Page 1 of 1

DB encryption

Posted: Sat Jan 06, 2007 2:14 pm
by alex.barylski
I might be required to store sensitive data (not quite CC numbers but possibly) for 1000's of users...

Obviously I'd like the data to be secured via a password/username pair given by the user. Basically as they login their DB is decrypted and SELECT should work as expected :)

Encrypting the MySql tables themselves isn't really an option but is likely the fastest way to encrypt a users data. Otherwise I figure I would have encrypt fields individually as their added or edited and likewise decrypted...

I'm already taking all PHP level security as well as Apache into consideration.

Is there a DB which has native encryption support so I can easily accomplish this? I imagine something like what banks use would be ideal :P

PostGREL table or perhaps a MySQL table type???

Cheers :)

Posted: Sat Jan 06, 2007 2:23 pm
by feyd
Full time encryption at the hardware level. :)

Posted: Sat Jan 06, 2007 3:25 pm
by alex.barylski
Oh really....I don't think I have that kinda capital... :P

Is that what banks do?

Posted: Sat Jan 06, 2007 4:03 pm
by feyd
That's what the United States government is doing to all its computers, and what a lot of banks do. In fact there are even tamper-resistant things that will destroy the material if the seals are broken in correctly on some data stores. For example a layer of suspended acids (or other chemicals) that when the outer casing is pierced in the slightest liquefies and erodes the internals in a matter of seconds. But I digress..

That level of encryption is becoming more and more available to consumers. And really if you think about it, RAID is quite expensive to the individual but to a company, it's a simple investment that protects their data.
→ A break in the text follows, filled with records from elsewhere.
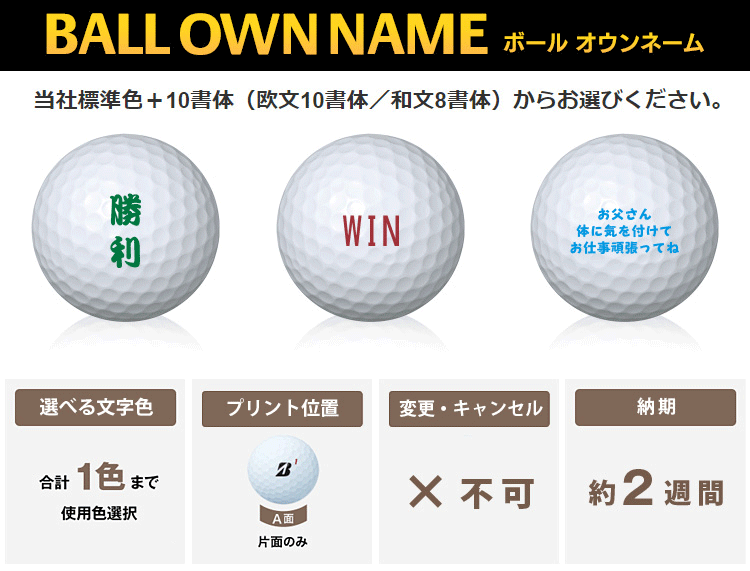 購入前に必ずお読み下さい。 こちらの商品はメーカーへの発注商品となります。 オウンネームの為、こちらの商品はキャンセル、変更、返品などはお受けできません。購入前に必ずお読み下さい。 こちらの商品はメーカーへの発注商品となります。 オウンネームの為、こちらの商品はキャンセル、スペック変更、返品などはお受けできません。 ご注文確認受付後、発注いたしますので、約2~3週間後に発送いたします。 ※プリントは片面のみです ※文字の大きさは字数によって変わります ※ノーネーム(名入れなし)のご注文はできません ※2~3行の場合はセンター合わせとなります ※ボールNo指定可能(ご希望は備考欄にご記入お願いします) ※メタリックカラーは標準色と比べ、プリントの耐久性が弱くなりますのでご了承ください。 ※指定の色と出来上がりの色が印刷の都合上、若干異なる場合があります。 ※メタリックカラーはホワイトのボールのみ対応となります。 ボールタイプ ディスタンス 構造 3ピース コア スピードマッスルコア インナーカバー Neo HR-DRIVEインナーカバー アウターカバー Neo BOOST POWERカバー ディンプル ストレートデルタウィング・ディンプル338 カラー ホワイト ボールナンバー 0、1、2、3、4、5、7、8 推奨ヘッドスピード 34~44m/s ボール軟らかさ 弾道 高 日本製 ・マイナーチェンジ変更(2025年8月7日) 前作からの変更点 (旧)BIGマッスルコア → (新)スピードマッスルコア (旧)HR-DRIVEインナーカバー → (新)Neo HR-DRIVEインナーカバー サイドマーク変更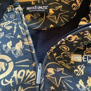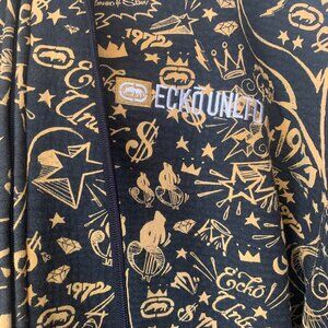 Ecko Unltd. Full Zip XL Hoodie VTG Y2K All-Over Print Graffiti Rhino Logo Urban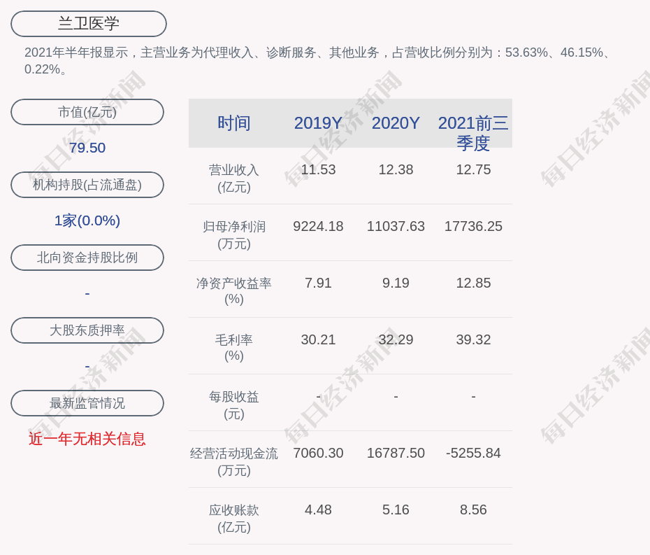 2021年半年报显示,兰卫医学的主营业务为代理收入、诊断服务、其他业务,占营收比例分别为:53.63%、46.15%、0.22%。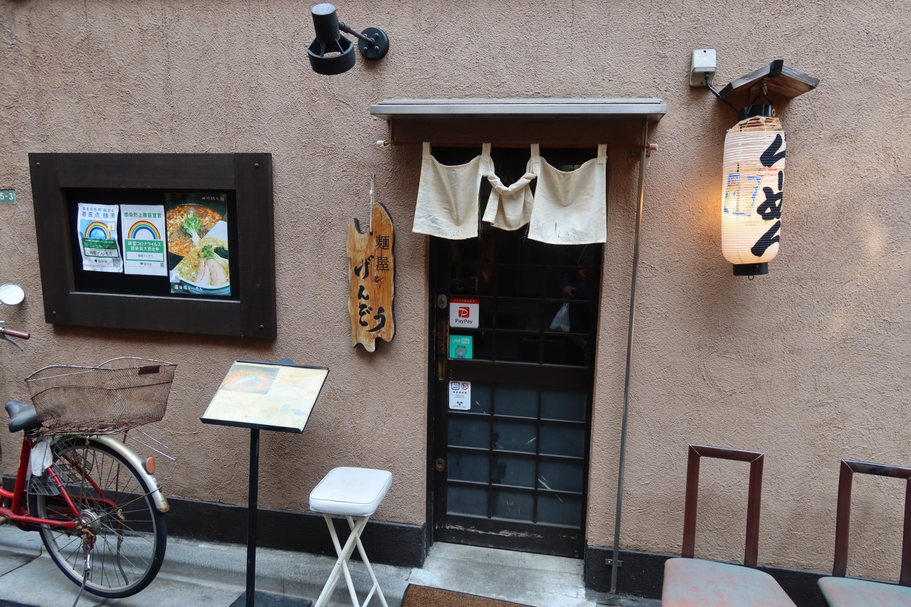 湯島駅のある天神下交差点から一筋南の路地を東に入った所に麺屋げんぞうがあります。店内はカウンター5席のとっても小さなお店で一人で切り盛りされているようです。平日のお昼にいくと外は3人程の入店待ち。10分程で入れました。

Since this is sensitive information you really should consider the most secure solutions. You probably can't justify full biometric scan stations, but hardware level encryption isn't that hard to reach.

Hell, if memory serves, there are storage devices with encryption built in around too.

http://en.wikipedia.org/wiki/Disk_encryption_hardware
http://www.via.com.tw/en/initiatives/padlock/

Posted: Sun Jan 07, 2007 3:36 am
by onion2k
MySQL has AES_ENCRYPT and AES_DECRYPT functions in the more recent versions (4 and above I think). I use it for storing credit card details, passwords, all sorts of things. There is a disadvantage though ... you need to store the details in a blob, so you can't easily edit them using phpMyAdmin. Thats a very minor point though. Certainly no reason not to use it.